"""

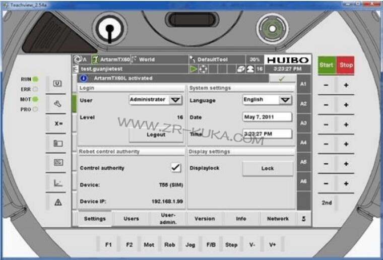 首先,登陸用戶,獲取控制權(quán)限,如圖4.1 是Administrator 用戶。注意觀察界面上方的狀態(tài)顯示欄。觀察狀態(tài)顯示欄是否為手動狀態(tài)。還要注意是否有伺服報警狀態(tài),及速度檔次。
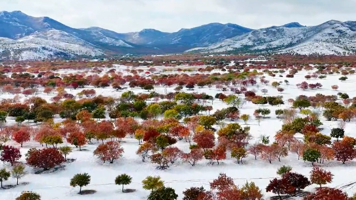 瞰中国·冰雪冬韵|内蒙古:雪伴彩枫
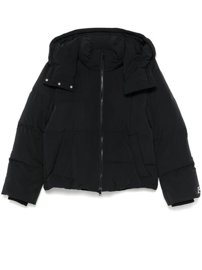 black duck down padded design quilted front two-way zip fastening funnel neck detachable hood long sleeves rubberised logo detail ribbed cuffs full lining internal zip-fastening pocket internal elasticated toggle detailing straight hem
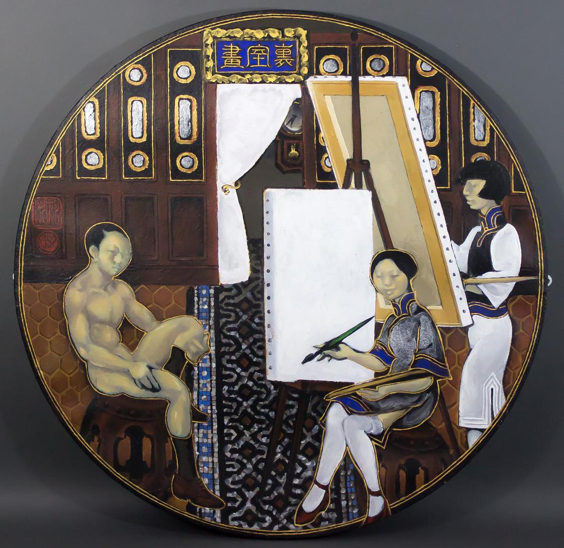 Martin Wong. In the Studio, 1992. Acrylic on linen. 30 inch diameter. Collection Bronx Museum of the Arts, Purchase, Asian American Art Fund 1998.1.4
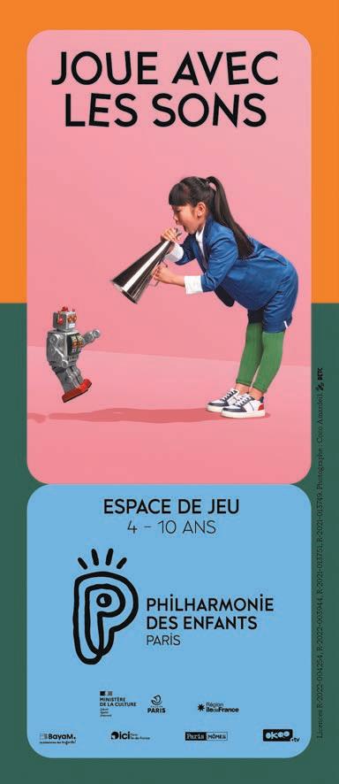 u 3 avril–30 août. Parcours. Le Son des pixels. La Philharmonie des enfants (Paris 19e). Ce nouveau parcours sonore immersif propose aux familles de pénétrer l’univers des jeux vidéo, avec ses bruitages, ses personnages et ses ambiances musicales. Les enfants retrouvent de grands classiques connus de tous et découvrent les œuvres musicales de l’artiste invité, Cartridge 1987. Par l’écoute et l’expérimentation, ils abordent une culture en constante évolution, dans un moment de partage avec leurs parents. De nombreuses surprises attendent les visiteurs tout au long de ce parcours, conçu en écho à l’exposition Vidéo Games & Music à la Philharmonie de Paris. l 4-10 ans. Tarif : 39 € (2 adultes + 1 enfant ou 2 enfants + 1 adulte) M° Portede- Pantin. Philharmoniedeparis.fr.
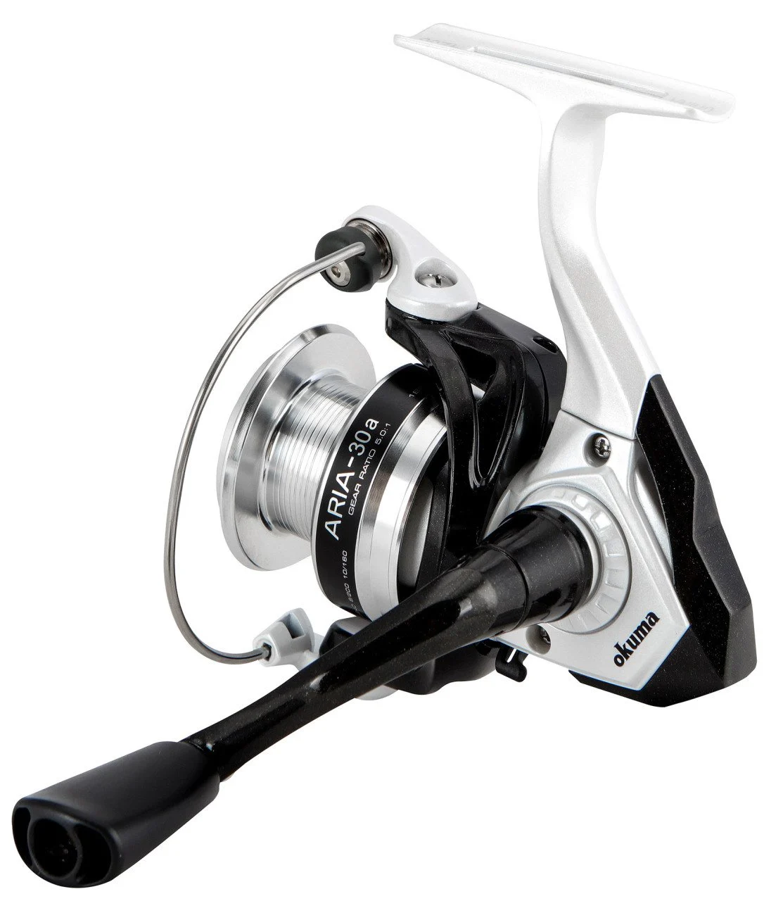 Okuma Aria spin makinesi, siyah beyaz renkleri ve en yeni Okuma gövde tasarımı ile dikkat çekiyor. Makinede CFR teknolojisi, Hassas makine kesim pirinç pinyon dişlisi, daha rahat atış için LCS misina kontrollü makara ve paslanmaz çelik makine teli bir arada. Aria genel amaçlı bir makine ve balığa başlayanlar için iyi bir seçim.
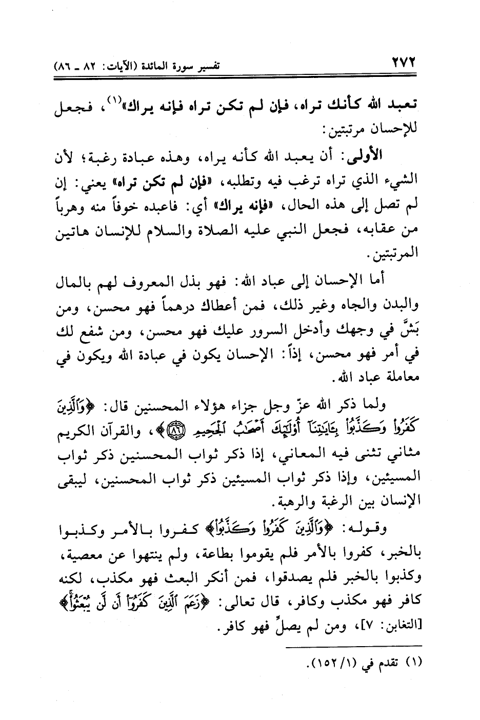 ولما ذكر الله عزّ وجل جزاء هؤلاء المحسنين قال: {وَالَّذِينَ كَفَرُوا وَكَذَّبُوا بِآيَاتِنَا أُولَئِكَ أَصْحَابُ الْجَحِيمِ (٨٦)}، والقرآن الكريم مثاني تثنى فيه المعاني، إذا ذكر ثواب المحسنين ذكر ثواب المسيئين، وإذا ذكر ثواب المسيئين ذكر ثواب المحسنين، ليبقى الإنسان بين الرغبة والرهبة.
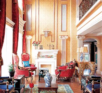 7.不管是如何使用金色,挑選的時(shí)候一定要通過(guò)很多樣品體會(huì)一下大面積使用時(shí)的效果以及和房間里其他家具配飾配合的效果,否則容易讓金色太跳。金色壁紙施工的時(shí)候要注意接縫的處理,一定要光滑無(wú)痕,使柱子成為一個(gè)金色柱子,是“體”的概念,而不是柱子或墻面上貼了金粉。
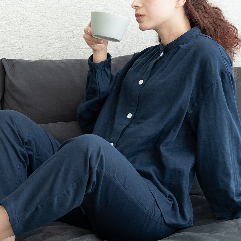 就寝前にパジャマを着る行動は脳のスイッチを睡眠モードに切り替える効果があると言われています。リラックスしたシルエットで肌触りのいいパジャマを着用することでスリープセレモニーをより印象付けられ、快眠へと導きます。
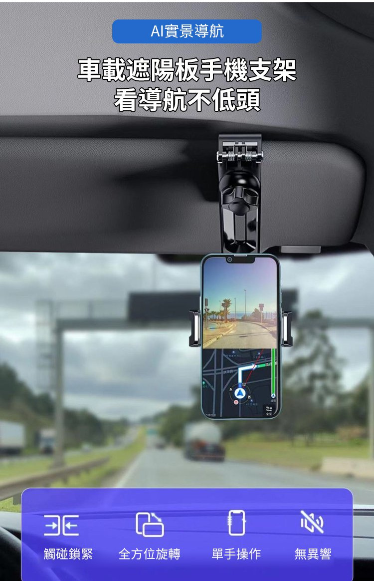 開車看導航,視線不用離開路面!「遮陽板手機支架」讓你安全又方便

"""

# [Goal of the exercise]
Each line above is to be duplicated exactly, and the pictures are to be omitted.

# [Solution to this exercise]
 首先,登陸用戶,獲取控制權(quán)限,如圖4.1 是Administrator 用戶。注意觀察界面上方的狀態(tài)顯示欄。觀察狀態(tài)顯示欄是否為手動狀態(tài)。還要注意是否有伺服報警狀態(tài),及速度檔次。
 瞰中国·冰雪冬韵|内蒙古:雪伴彩枫
 black duck down padded design quilted front two-way zip fastening funnel neck detachable hood long sleeves rubberised logo detail ribbed cuffs full lining internal zip-fastening pocket internal elasticated toggle detailing straight hem
 Martin Wong. In the Studio, 1992. Acrylic on linen. 30 inch diameter. Collection Bronx Museum of the Arts, Purchase, Asian American Art Fund 1998.1.4
 u 3 avril–30 août. Parcours. Le Son des pixels. La Philharmonie des enfants (Paris 19e). Ce nouveau parcours sonore immersif propose aux familles de pénétrer l’univers des jeux vidéo, avec ses bruitages, ses personnages et ses ambiances musicales. Les enfants retrouvent de grands classiques connus de tous et découvrent les œuvres musicales de l’artiste invité, Cartridge 1987. Par l’écoute et l’expérimentation, ils abordent une culture en constante évolution, dans un moment de partage avec leurs parents. De nombreuses surprises attendent les visiteurs tout au long de ce parcours, conçu en écho à l’exposition Vidéo Games & Music à la Philharmonie de Paris. l 4-10 ans. Tarif : 39 € (2 adultes + 1 enfant ou 2 enfants + 1 adulte) M° Portede- Pantin. Philharmoniedeparis.fr.
 Okuma Aria spin makinesi, siyah beyaz renkleri ve en yeni Okuma gövde tasarımı ile dikkat çekiyor. Makinede CFR teknolojisi, Hassas makine kesim pirinç pinyon dişlisi, daha rahat atış için LCS misina kontrollü makara ve paslanmaz çelik makine teli bir arada. Aria genel amaçlı bir makine ve balığa başlayanlar için iyi bir seçim.
 ولما ذكر الله عزّ وجل جزاء هؤلاء المحسنين قال: {وَالَّذِينَ كَفَرُوا وَكَذَّبُوا بِآيَاتِنَا أُولَئِكَ أَصْحَابُ الْجَحِيمِ (٨٦)}، والقرآن الكريم مثاني تثنى فيه المعاني، إذا ذكر ثواب المحسنين ذكر ثواب المسيئين، وإذا ذكر ثواب المسيئين ذكر ثواب المحسنين، ليبقى الإنسان بين الرغبة والرهبة.
 7.不管是如何使用金色,挑選的時(shí)候一定要通過(guò)很多樣品體會(huì)一下大面積使用時(shí)的效果以及和房間里其他家具配飾配合的效果,否則容易讓金色太跳。金色壁紙施工的時(shí)候要注意接縫的處理,一定要光滑無(wú)痕,使柱子成為一個(gè)金色柱子,是“體”的概念,而不是柱子或墻面上貼了金粉。
 就寝前にパジャマを着る行動は脳のスイッチを睡眠モードに切り替える効果があると言われています。リラックスしたシルエットで肌触りのいいパジャマを着用することでスリープセレモニーをより印象付けられ、快眠へと導きます。
 開車看導航,視線不用離開路面!「遮陽板手機支架」讓你安全又方便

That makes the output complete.